GTE has not persuaded us that the district court clearly erred. Before the district court, GTE unsuccessfully argued that claim 15 was limited to "convergent surfaces." See 625 F. Supp. at 348, 228 USPQ at 491. Before this court, GTE argues that claim 15 is directed to "nonconvergent surfaces". Whatever may be said of GTE's volte-face, its assertion that claim 15 must include at least two points of mechanical contact at each of the three locations is unsupported by any reference to undisputed testimony of record.
ii. Disclosure of three point contact
GTE contends that even if claim 15 were limited to one point of contact at three locations, it would nonetheless read directly on the Maschinen reference, pointing to testimony of its experts Barker and Fisher, which it says was not disputed.
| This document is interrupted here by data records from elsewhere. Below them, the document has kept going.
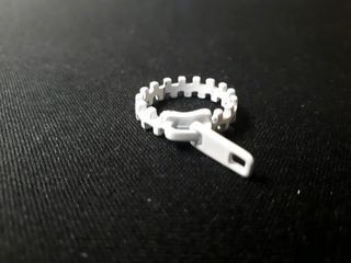 Bague pour femme Forme fermeture éclair Matière métal Couleur blanc Taille 50 Dimensions 0,5cm de large En très bon état
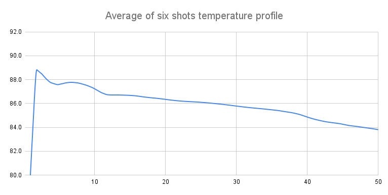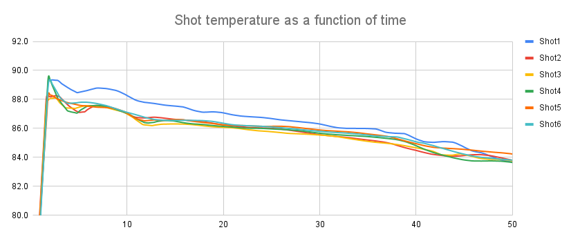 The graph below shows the temperature profiles at the puck during a 50 second shot (averaged from 6 Pulls) at 5 Setpoints that encompass the generally accepted range of brew temperatures for espresso.
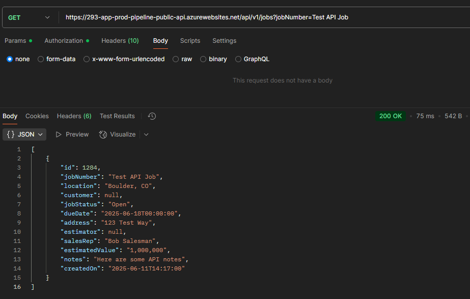We can view the Job’s details by calling the Jobs endpoint and filtering by

GTE ignores the district court's contrary finding that Maschinen did not disclose three point contact "to achieve a positively defined rest position." GTE also ignores the testimony of Rolls-Royce's experts about the "positively defined rest position". No clear error has been shown.
iii. Switching at the seats
GTE says the district court clearly erred in finding, for purposes of anticipation, that Maschinen did not teach switching at the seats. No reference to switching at the seats as such is made in the district court's opinion on anticipation. GTE imports the reference from the court's findings in relation to obviousness, in light of the court's statement about the "same reasons". The argument is unavailing, Maschinen having clearly failed to disclose each element in Claim 15.
iv. Lateral Constraint
GTE repeats testimony of its expert Fisher that "Maschinen clearly discloses a lateral constraining means in the close fit of the stylus against the housing." Rolls-Royce points to expert testimony supporting the district court's finding that the prior art references "do not teach transverse constraint of the stylus because there is a gap between the movable member and the housing," 625 F. Supp. at 349, 228 USPQ at 492.
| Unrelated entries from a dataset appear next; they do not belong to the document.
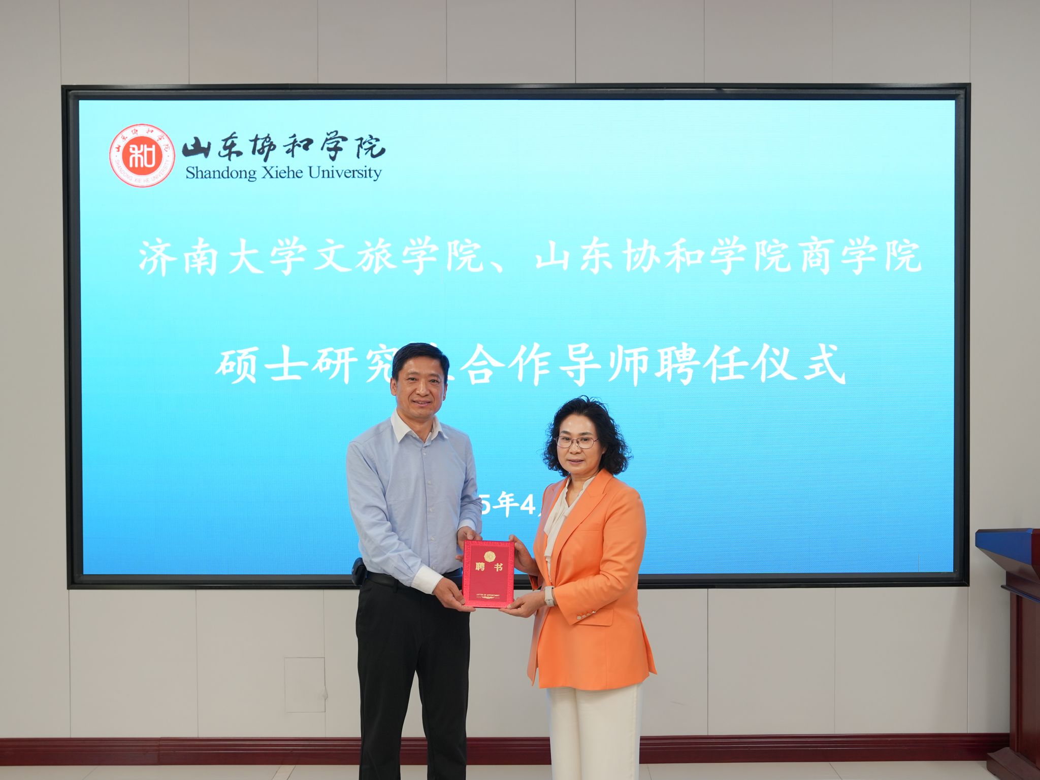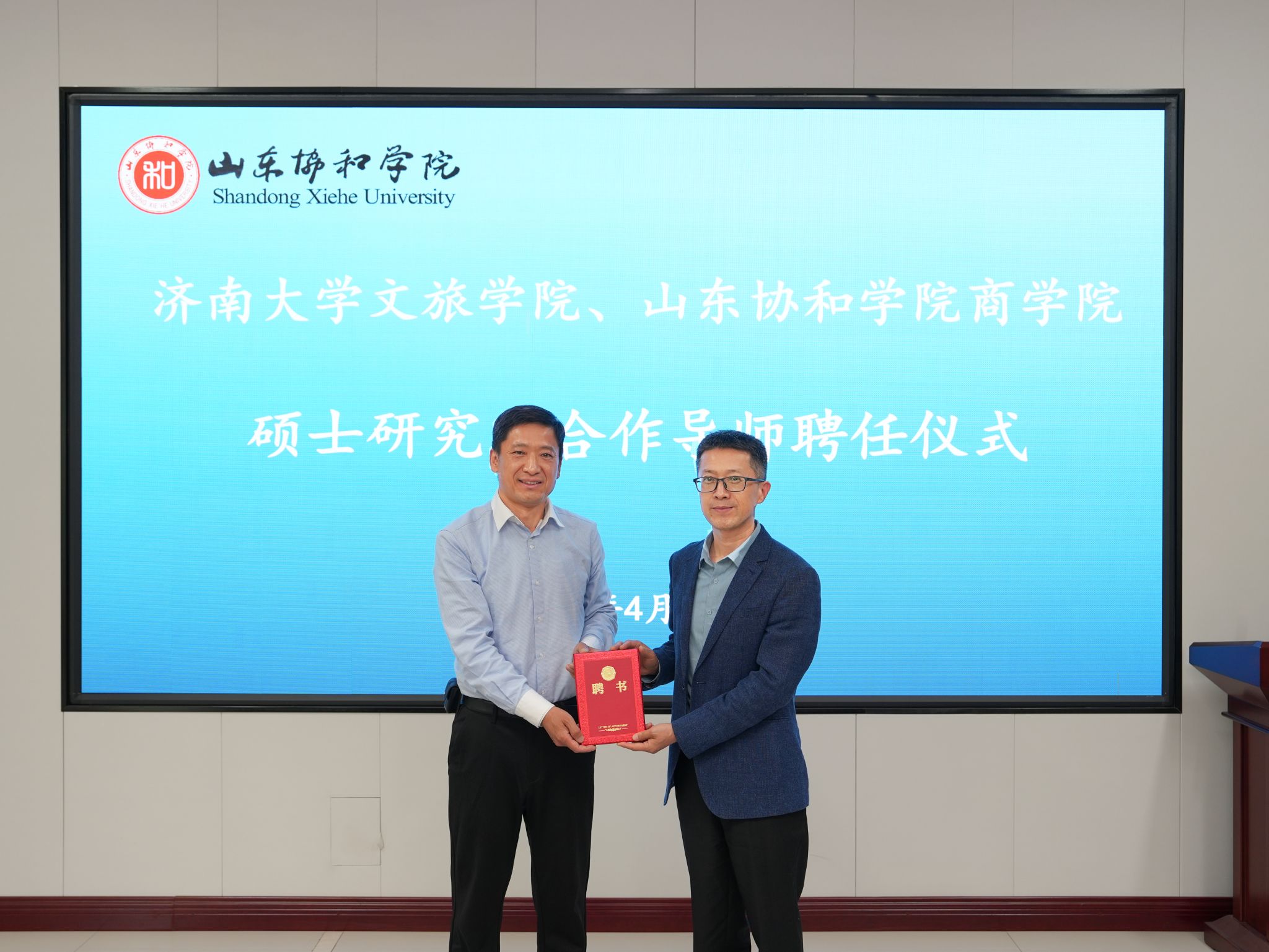随后孟德洋向bat365官网研究生院聘任的山东协和学院的3位MTA兼职校外指导教师(合作导师)颁发了聘书,标志着双方在人才培养和学术研究方面的合作进入了一个新的阶段。
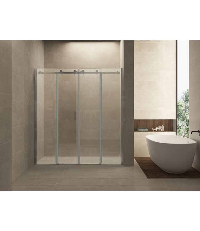 Heb je een grote nismaat waarin je gaat douchen? Dan is deze 4-delige schuifdeur een mooie oplossing om de nis af te sluiten. Bestaat uit twee vaste wanden met aan beide wanden een schuivende deur.
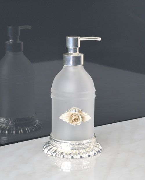 Soap dispenser made of frosted crystal with decorative base and a beautiful porcelain rose on the front. Pump and fittings made of solid brass and available in silver.
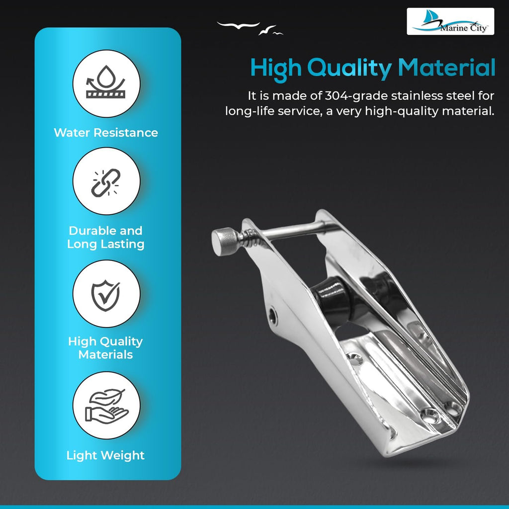 About Us Here at Marine City Hardware, we specialize in marine hardware products. We are all family and are all working together to bring our customers exactly what they need. Our motto is high quality, low prices, fast shipping, and taking care of our customers. Everything is double-checked and electronically tested before being sent out to ensure the highest quality. Our company provides retail and wholesale services so you may also contact us if you want to order our products in bulk as well. Our exceptional prices and superior manufacturing company make us the best around for any marine products. 100% Customer Satisfaction is our ultimate goal so we encourage you to message us because we will work for you. Feature • It is made of 304 grade stainless steel. • Captive ball lock pin holds line or chain securely in the channel. • Easily raises and lowers the anchor without damaging the topsides. Superior Build Quality It is made of 304 grade stainless steel. Captive ball lock pin holds line or chain securely in the channel. Easily raises and lowers the anchor without damaging the topsides.
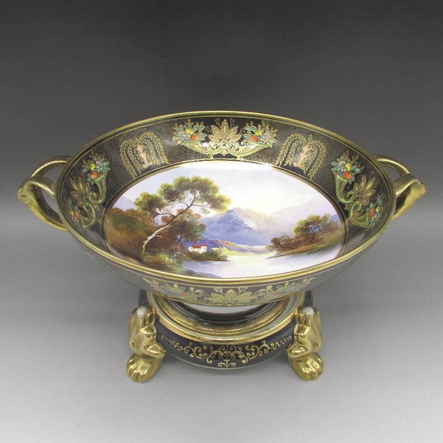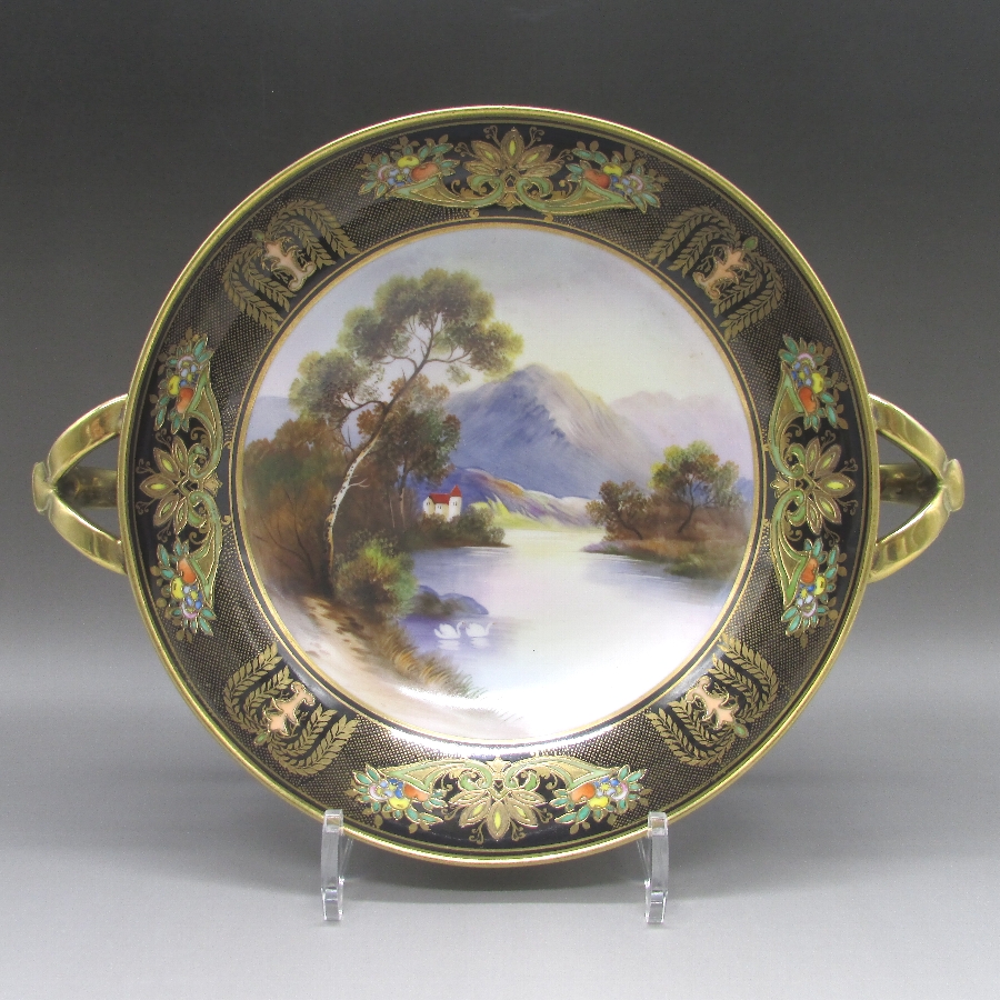 オールドノリタケ 夕焼湖畔風景文パンチボウル

GTE's arguments on this point, as on so many others in this appeal, reflect a misperception of the appellate process and the role of this court. "Where there are two permissible views of the evidence, the fact finder's choice between them cannot be clearly erroneous." Anderson v. City of Bessemer City, N.C., 470 U.S. 564, 105 S.Ct. 1504, 1512, 84 L.Ed.2d 518 (1985); see also Polaroid Corp. v. Eastman Kodak Co., 789 F.2d 1556, 1558, 229 USPQ 561, 563 (Fed. Cir. 1986).
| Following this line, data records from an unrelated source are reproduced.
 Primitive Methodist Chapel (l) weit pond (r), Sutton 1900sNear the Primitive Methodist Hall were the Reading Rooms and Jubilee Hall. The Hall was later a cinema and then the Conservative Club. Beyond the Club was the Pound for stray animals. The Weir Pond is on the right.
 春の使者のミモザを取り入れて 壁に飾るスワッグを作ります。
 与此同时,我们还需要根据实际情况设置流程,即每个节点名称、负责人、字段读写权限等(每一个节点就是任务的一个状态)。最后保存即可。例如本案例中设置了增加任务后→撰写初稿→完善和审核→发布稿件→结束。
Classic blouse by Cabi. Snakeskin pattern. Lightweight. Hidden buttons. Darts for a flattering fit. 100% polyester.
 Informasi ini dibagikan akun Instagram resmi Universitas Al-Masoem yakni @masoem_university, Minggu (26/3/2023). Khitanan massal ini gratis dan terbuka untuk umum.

Nothing whatever of record indicates that the district court's finding was in any manner impermissible. Moreover, if an appellant could establish clear error in a district court's findings, i.e., in the court's view of apparently conflicting evidence, by merely citing a contrary view advocated at trial by appellant's expert, the fact finding role of the district court would be rendered meaningless. See Polaroid, supra, 789 F.2d at 1573, 229 USPQ at 574.
2. Obviousness
The district court correctly framed and conducted the obviousness inquiry in light of Graham v. John Deere Co., 383 U.S. 1, 86 S.Ct. 684, 15 L.Ed.2d 545, 148 USPQ 459 (1966). As above indicated, the court set forth five findings in respect of the differences between the prior art and the invention of claim 15, and found "extraordinary commercial success" of that invention, long-felt but unfilled needs in the industry, and industry acquiescence. 625 F. Supp. at 349-50, 228 USPQ at 492. GTE's arguments on appeal in respect of obviousness are without merit. Relying on a publication ("Principles of Design") not set forth in its § 282 notice and not raised until after trial, GTE asserts that the "concept" of kinematic design and its implementation was old. In constructing the argument on obviousness here, GTE assumes the existence of findings never made by the district court and blithely ignores the findings it did make. The district court's findings were not clearly erroneous and those findings support its conclusion on obviousness. No useful purpose would be served, therefore, in further discussion of GTE's arguments on obviousness.
GTE attacks only the commercial success finding in its main brief. In so doing, GTE continues to ignore the claimed invention and the coverage by claim 15 of all embodiments disclosed in the '998 patent, arguing that only a few of Rolls-Royce's sales were of one embodiment and most sales were of another embodiment. GTE stipulated the commercial success of the accused probe.
Because GTE fails utterly to sustain its burden on appeal, we affirm the district court's determination that GTE failed to prove facts requiring a holding that claim 15 is invalid.
III. Enforceability of the '998 patent
GTE contends that Rolls-Royce improperly failed to cite Maschinen to the Examiner, and improperly delayed citing Automatologie, The district court found that Automatologie and Maschinen: (1) were merely cumulative with prior art cited by Rolls-Royce and considered by the examiner (U.S. Patent No. 3,541,924 to Gambin); (2) disclose substantially the same device; and (3) have the same relative lack of materiality with respect to the invention set forth in claim 15. 625 F. Supp. at 354, 228 USPQ at 496.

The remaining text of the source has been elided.